Сестры милосердия стоят, хлопают глазами. Готовы нас благословить.
 — Мы встретились здесь, — говорю я, — и нас ничего не связывает. Кроме того, что мы вместе идём к Победе. Сергей воевал, а я делаю массаж.
 Мы все ржём. И Серёга тоже.
 Сестры милосердия выдыхают и окропляют нас святой водой.
 * * *
 Я выхожу из госпиталя. Иду пешком до Петроградки. Город цветёт. Разлит в воздухе май.
 Я иду через Большую Невку. Три трубы крейсера «Авроры» дают знак: «Выстоим. Как тогда».
 Я иду. На груди у меня медаль. Сегодня вручили. «За вклад в Победу над украинским нацизмом».
 Вместе победим. Только так.
 22 мая 2024 года
   Год спустя
  Я забегаю в метро. Дежурная по станции перегораживает мне путь к турникету, молча указывая на колеса самоката. Притормаживаю. Отхожу в сторону. Достаю из рюкзака пакеты. Натягиваю их на колеса. Терпеливо и технично: у каждого своя работа. Дежурная видит моё смирение. Говорит:
 — Самое удобное в другой раз — взять бахилы. Они отлично надеваются на колеса самоката. Быстро и легко. И снимаются.
 — Спасибо! — улыбаюсь я. И прохожу через турникет.
 Сегодня у меня вечеринка «Год спустя». Ну так, чтоб сердце в клочья. Когда заходишь в госпиталь, а там все родные. Олег. Стас. Костя. С кем прошли огонь и воду. А попутно — те, кто окажется рядом. Кому сегодня нужна моя помощь.
 Олег. Стас. Костя. Поступили в госпиталь на повторные операции. С Олегом не виделись месяца четыре — с предыдущей операции. Со Стасом столько же. С Костей год.
 * * *
 …Я иду на первый этаж. Там Олег.
 Тот самый эмчеэсник, которому в феврале двадцать третьего оторвало ногу. Совсем оторвало. И Олег не растерялся, взял ногу с собой. Сначала сшили сосуды в Волновахе (он настоял), а в Питере вставили штырь в кость. И соединили всё аппаратом Илизарова на бедре. Прошло пятнадцать месяцев с момента ранения. Аппарат стоит с тех самых пор, как пришили ногу. Из-под спиц сочится сукровица. Кости ещё не окончательно срослись. Пока аппарат не снимают. Может, в следующий раз. А завтра будут ставить аппарат Илизарова на голень. Удлинять ногу.
 — Сантиметров на шесть вытянут, — говорит Олег. — По миллиметру в день, пару месяцев тянуть. Врач считает, что больше вытянуть не получится. А надо бы на восемь сантиметров. Ну да ладно.

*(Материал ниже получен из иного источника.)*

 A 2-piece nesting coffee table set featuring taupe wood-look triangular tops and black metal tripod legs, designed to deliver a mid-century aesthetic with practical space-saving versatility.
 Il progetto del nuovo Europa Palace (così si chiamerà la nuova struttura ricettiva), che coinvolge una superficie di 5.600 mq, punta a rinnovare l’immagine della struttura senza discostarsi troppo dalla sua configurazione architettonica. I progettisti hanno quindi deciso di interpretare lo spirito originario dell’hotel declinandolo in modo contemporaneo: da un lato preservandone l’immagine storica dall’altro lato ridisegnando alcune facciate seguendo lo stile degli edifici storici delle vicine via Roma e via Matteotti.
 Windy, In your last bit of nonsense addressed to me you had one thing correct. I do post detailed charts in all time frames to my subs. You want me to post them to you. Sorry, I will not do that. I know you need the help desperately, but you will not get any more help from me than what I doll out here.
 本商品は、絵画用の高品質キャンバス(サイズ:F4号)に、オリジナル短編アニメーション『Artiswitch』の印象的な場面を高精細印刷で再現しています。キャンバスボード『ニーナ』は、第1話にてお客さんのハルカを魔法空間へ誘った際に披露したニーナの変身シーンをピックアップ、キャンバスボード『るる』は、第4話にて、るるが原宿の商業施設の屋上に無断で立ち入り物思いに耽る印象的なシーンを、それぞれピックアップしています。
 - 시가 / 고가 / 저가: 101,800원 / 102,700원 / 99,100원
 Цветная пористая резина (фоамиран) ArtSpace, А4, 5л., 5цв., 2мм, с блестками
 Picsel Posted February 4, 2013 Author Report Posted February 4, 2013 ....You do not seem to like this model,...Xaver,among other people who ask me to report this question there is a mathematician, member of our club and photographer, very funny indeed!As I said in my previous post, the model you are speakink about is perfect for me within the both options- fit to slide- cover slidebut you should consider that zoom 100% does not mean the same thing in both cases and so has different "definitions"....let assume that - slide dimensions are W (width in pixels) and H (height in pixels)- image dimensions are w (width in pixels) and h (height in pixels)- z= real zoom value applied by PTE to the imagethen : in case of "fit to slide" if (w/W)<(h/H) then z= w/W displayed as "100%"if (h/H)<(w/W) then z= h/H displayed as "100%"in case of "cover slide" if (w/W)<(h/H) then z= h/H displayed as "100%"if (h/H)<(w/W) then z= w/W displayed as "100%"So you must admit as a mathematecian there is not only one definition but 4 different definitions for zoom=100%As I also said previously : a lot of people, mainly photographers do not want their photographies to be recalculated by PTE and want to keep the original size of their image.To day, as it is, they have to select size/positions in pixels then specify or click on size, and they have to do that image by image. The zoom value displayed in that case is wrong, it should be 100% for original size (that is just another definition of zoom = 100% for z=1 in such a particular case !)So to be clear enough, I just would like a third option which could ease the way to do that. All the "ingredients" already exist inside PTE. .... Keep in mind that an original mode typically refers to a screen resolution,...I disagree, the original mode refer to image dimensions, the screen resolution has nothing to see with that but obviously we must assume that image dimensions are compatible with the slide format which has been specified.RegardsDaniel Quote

 Олег смотрит на ногу. Улыбается.
 — О чём подумал? — спрашиваю я.
 — Да о чем? У меня, видишь, палец на ноге согнулся, врач сказал: «Не переживайте, распрямим. Завтра перережу сухожилия в пальце заодно, во время операции». И я думаю — если у меня врач такой универсал, здесь чикнет, здесь вытянет — может, его заодно попросить поставить мне аппарат на член? Полтора месяца — смотришь, пять сантиметров!
 Я смеюсь.
 — Не получится, — говорю.
 — Почему это? — возмущается Олег.
 — Да врач же не дурак. Он знает — на тебя посмотрят бойцы, и дальше каждый будет просить врача об этом же. А у врача ни времени не хватит на все ваши удлинения, ни аппаратов — Министерство обороны не делало у Министерства здравоохранения заказ на такие аппараты!
 Мы смеёмся.
 Мы смеёмся, но я знаю, что дурацкие шутки — прикрытие. Олег грустит. Не удастся помыться в душе. Полтора года обтираний продолжаются. Второй аппарат на ногу ещё не поставили, а Олег волнуется, как полетит домой с двумя аппаратами. Нужно будет или весь ряд кресел занять, вытянув ногу — ну, это если будут свободные места в салоне. Или стоять все пять часов — и тогда отёк неминуем. Сидеть с такой ногой, занимая только своё кресло — невозможно.
 В остальном он спокоен. Мы хохочем — не оглядываясь на время. Старые шутки и новые.
 — Мама просит машину, — говорит Олег. — Я говорю: «Я ж тебе купил машину. Стиральную. Рули».
 — А она?
 — А она просит машину. А я говорю: «Мама, я купил тебе квартиру!»
 — А она?
 — А она всё равно просит машину.
 — Она не научилась водить как следует?
 — Конечно, нет. У неё же нет машины! Где ей учиться? Мне надо было ехать в часть, и она сказала: «Я повезу». Ну и повезла. Там километров двести — от дома до части. Два раза чуть под грузовик не заехала. Три раза в отбойник её сносило. Я говорю: «Мама, остановись, ты нас сейчас угробишь! Пусть Альбина повезёт!» Жена в смысле моя. А мама обиделась: «Ты, когда учился ходить, я тебе говорила такое: „Не ходи, сынок, не ходи?“ Ты падал, шишки набивал, а я только поддерживала! А теперь я учусь водить, а ты мне не даёшь рулить! Хорошего сына я воспитала! Что ни говори!»
 — А ты?
 — А я что? Я говорю: «Мама, сейчас ногу мне восстановят, я снова буду учиться ходить. И ты сможешь мне ответить той же монетой! Можешь сказать: „Не ходи, сынок, не ходи!“»
 — А она?
 — А она сдулась вся. «Не могу, — говорит, — я так. Ходи, сын. Ходи. Уж как-нибудь я научусь рулить. Не на трассе, видимо, надо учиться».
 * * *
 Рядом с Олегом в палате лежит Миша. Его сегодня доставили бортом из Мурманска. Лежал в госпитале в Североморске. А потом в Гаджиево. Нога, бедро. Вокруг него бегает медсестра и приносит документы от администрации. Что-то надо подписать, что-то выслать в часть, что-то завтра отксерокопировать.
 — Миш, — говорю, — как там? На Севере? Я из Полярного.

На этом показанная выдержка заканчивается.